**Information provided**
=======

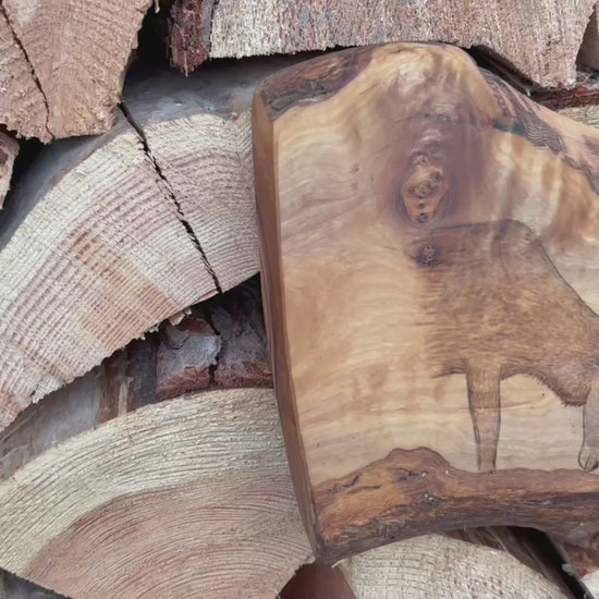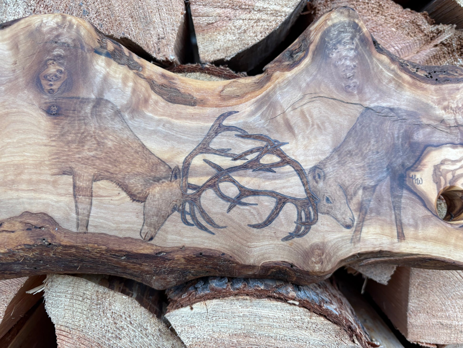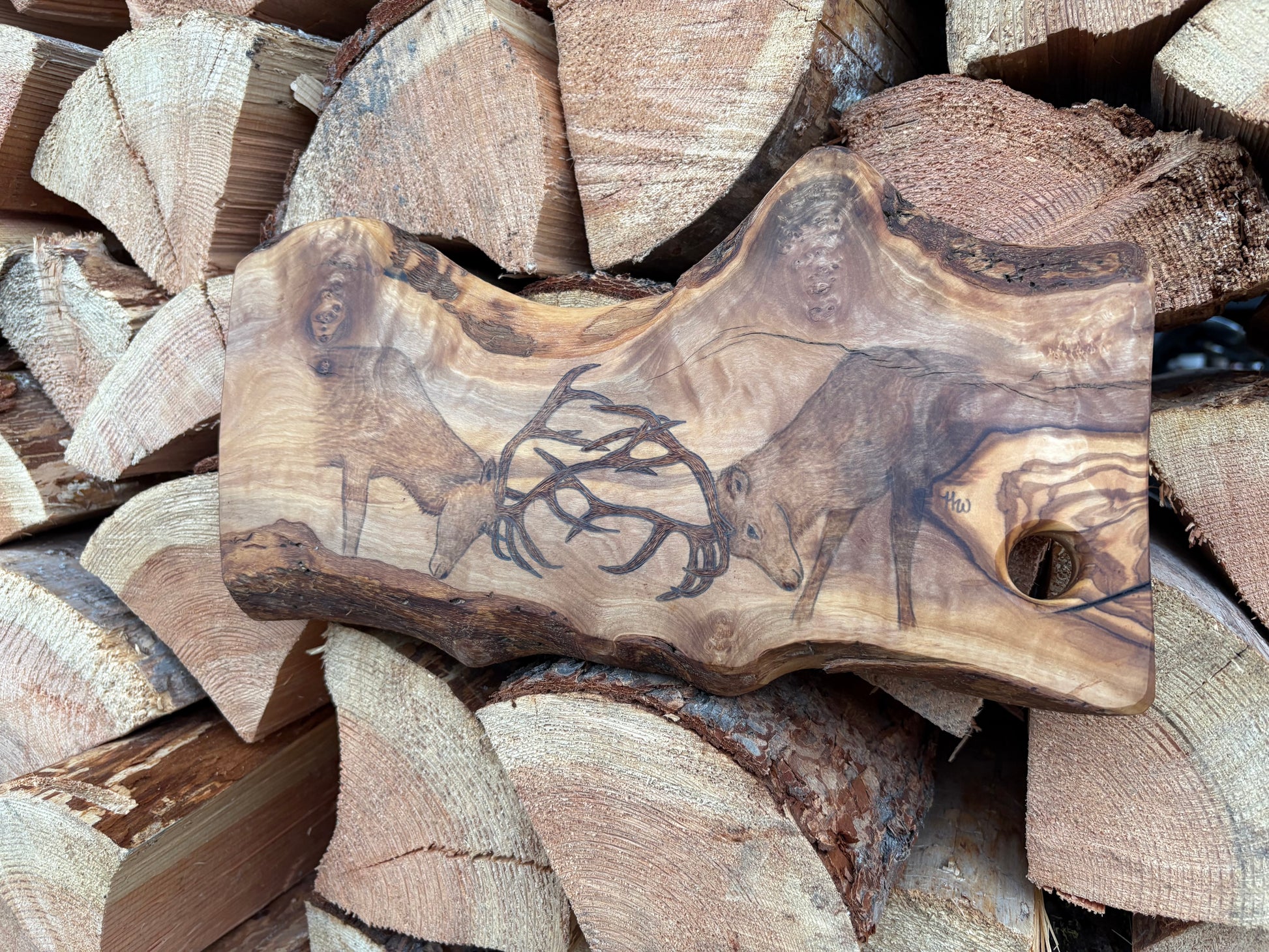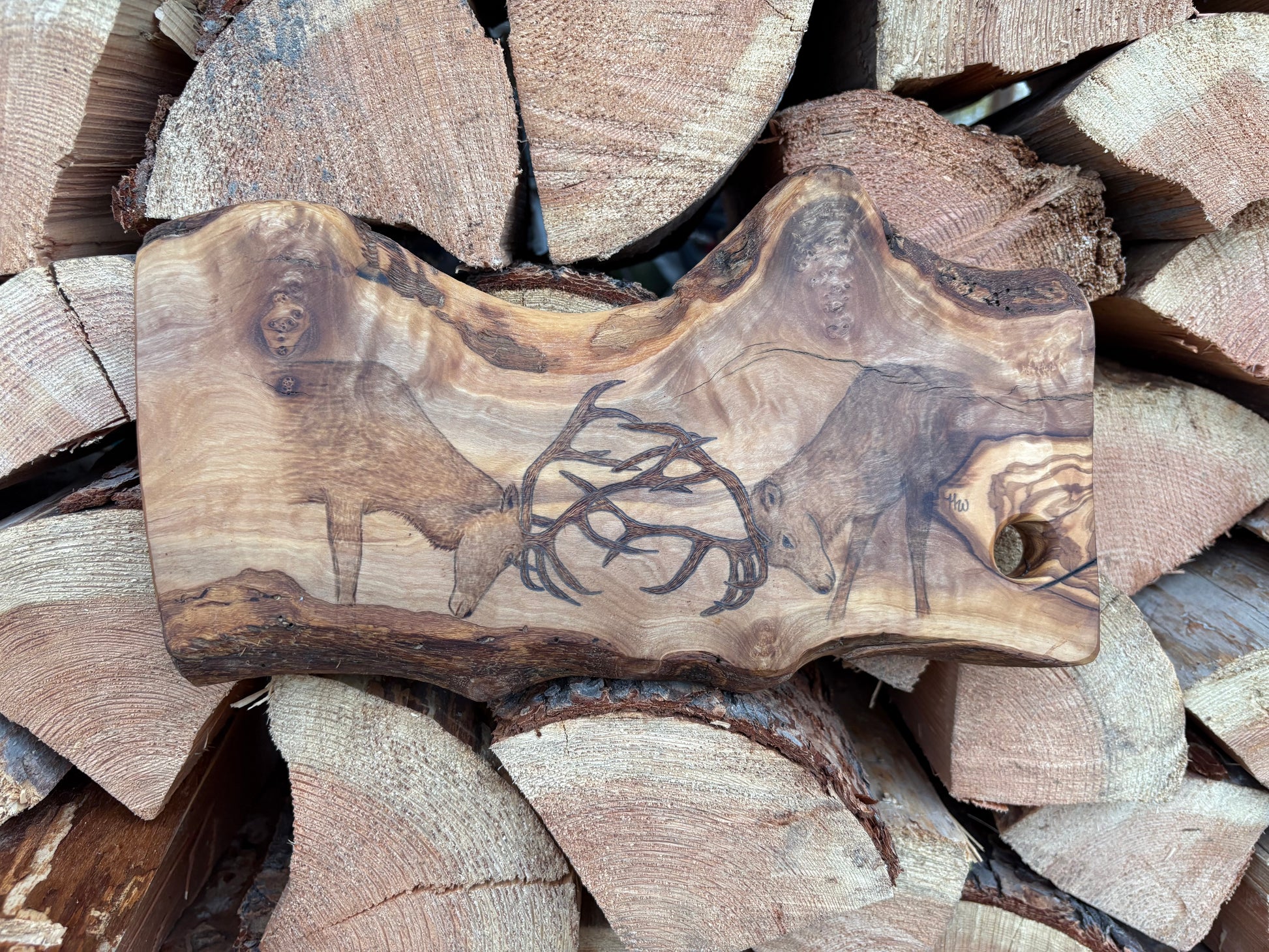 The Elk Charcuterie Board, crafted from durable olive wood, features a striking design of two fighting bull elk. At 12.5"x6.5", it is the perfect size for serving delicious meats, cheeses, and fruits. Elevate your next gathering with this unique and functional piece.
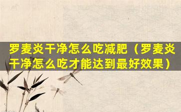 罗麦炎干净怎么吃减肥(罗麦炎干净怎么吃才能达到最好效果)
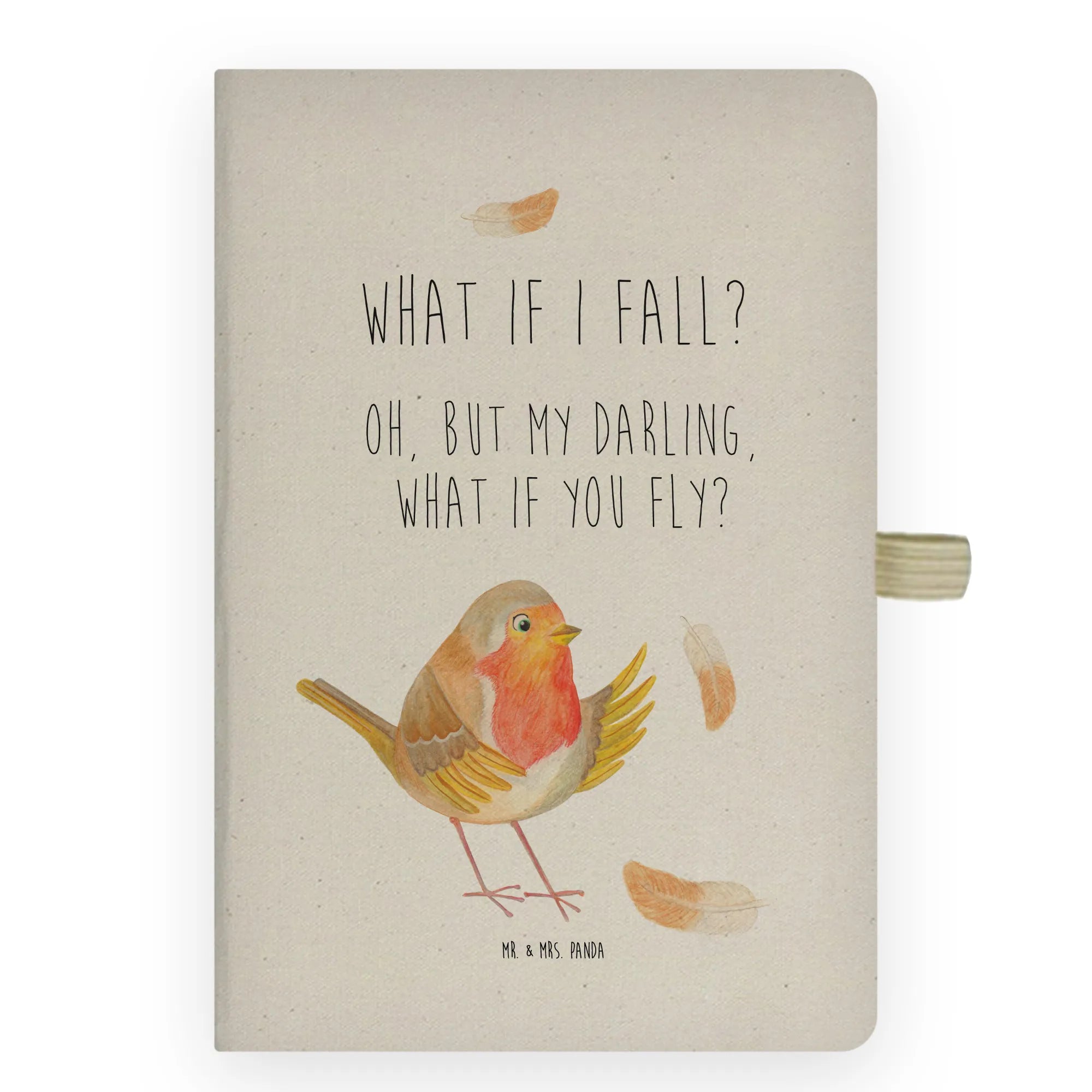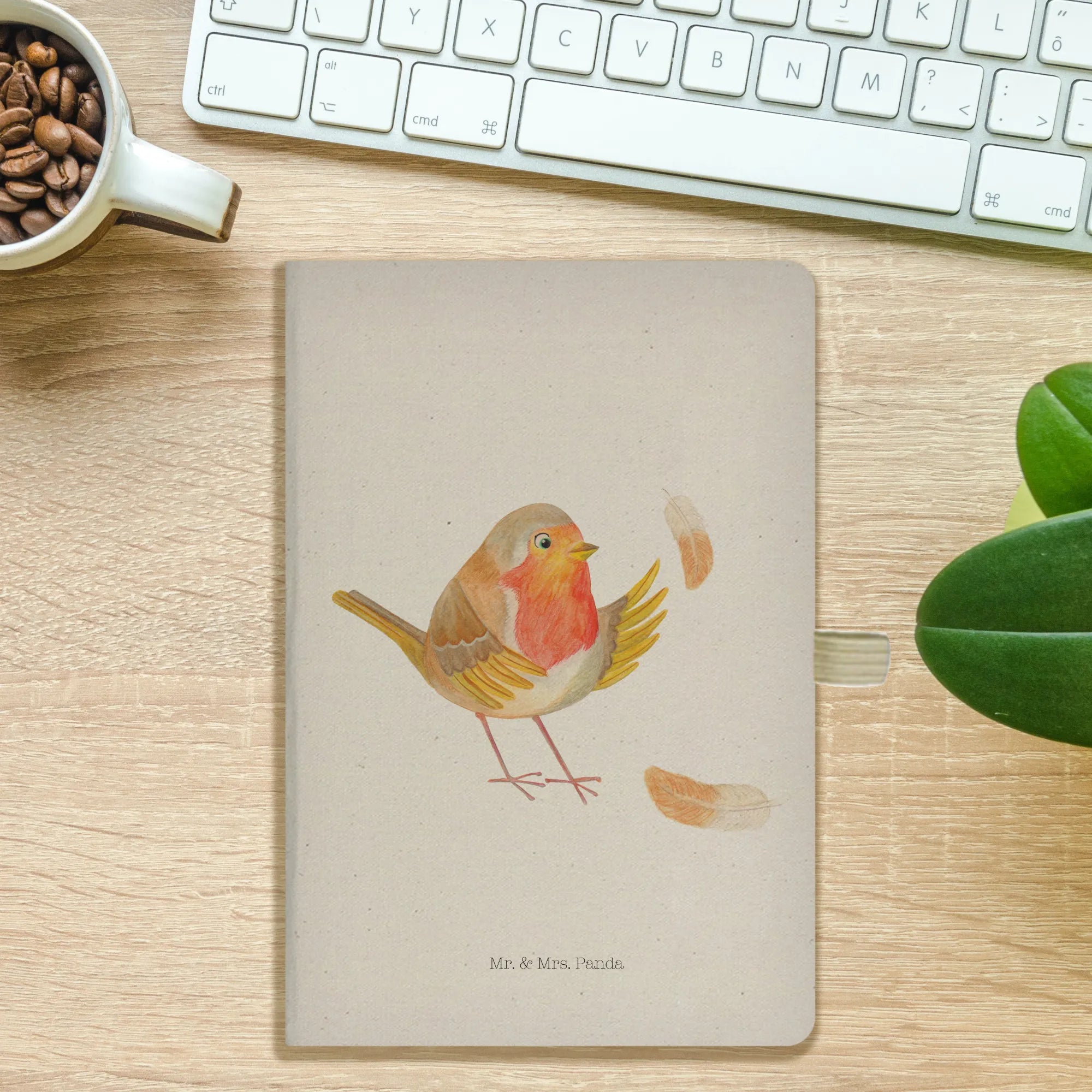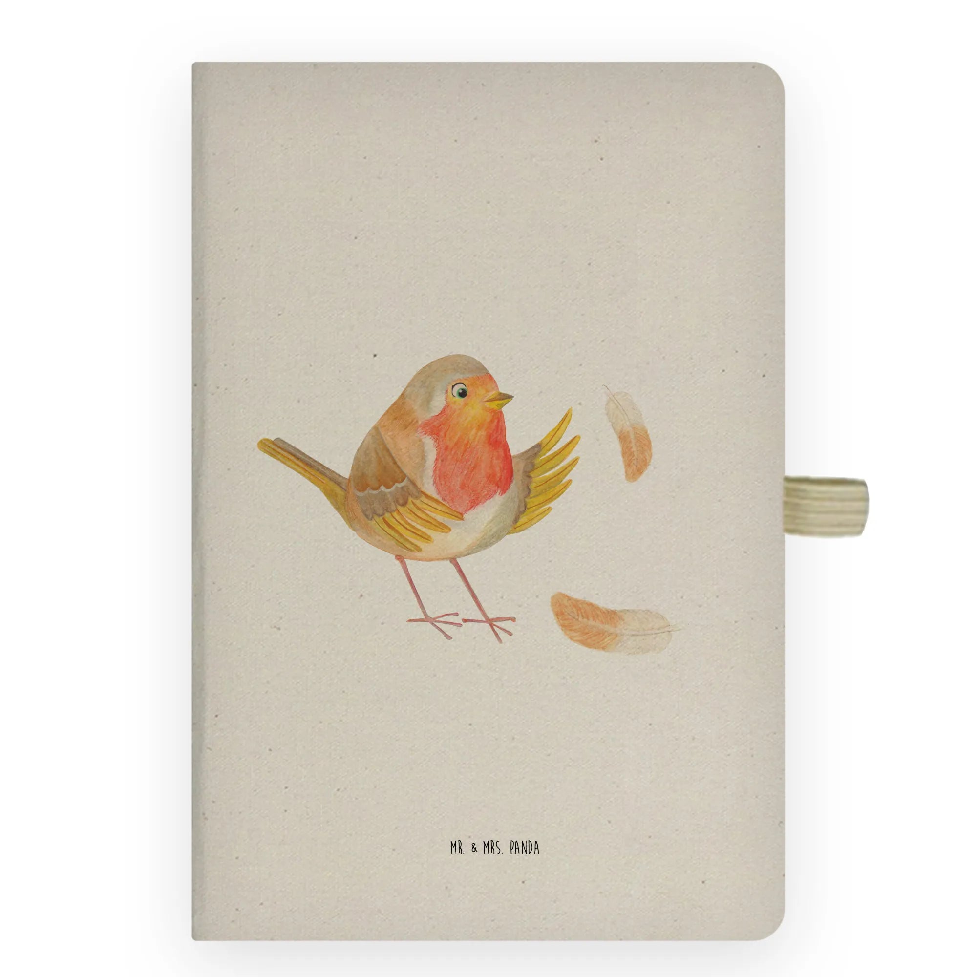 Mr. & Mrs. Panda DIN A5 Baumwoll Notizbuch – Rotkehlchen mit Federn

=======

**Your goal**
Repeat the data exactly as written, but without the pictures.

**Response below**
 The Elk Charcuterie Board, crafted from durable olive wood, features a striking design of two fighting bull elk. At 12.5"x6.5", it is the perfect size for serving delicious meats, cheeses, and fruits. Elevate your next gathering with this unique and functional piece.
 罗麦炎干净怎么吃减肥(罗麦炎干净怎么吃才能达到最好效果)
 Mr. & Mrs. Panda DIN A5 Baumwoll Notizbuch – Rotkehlchen mit Federn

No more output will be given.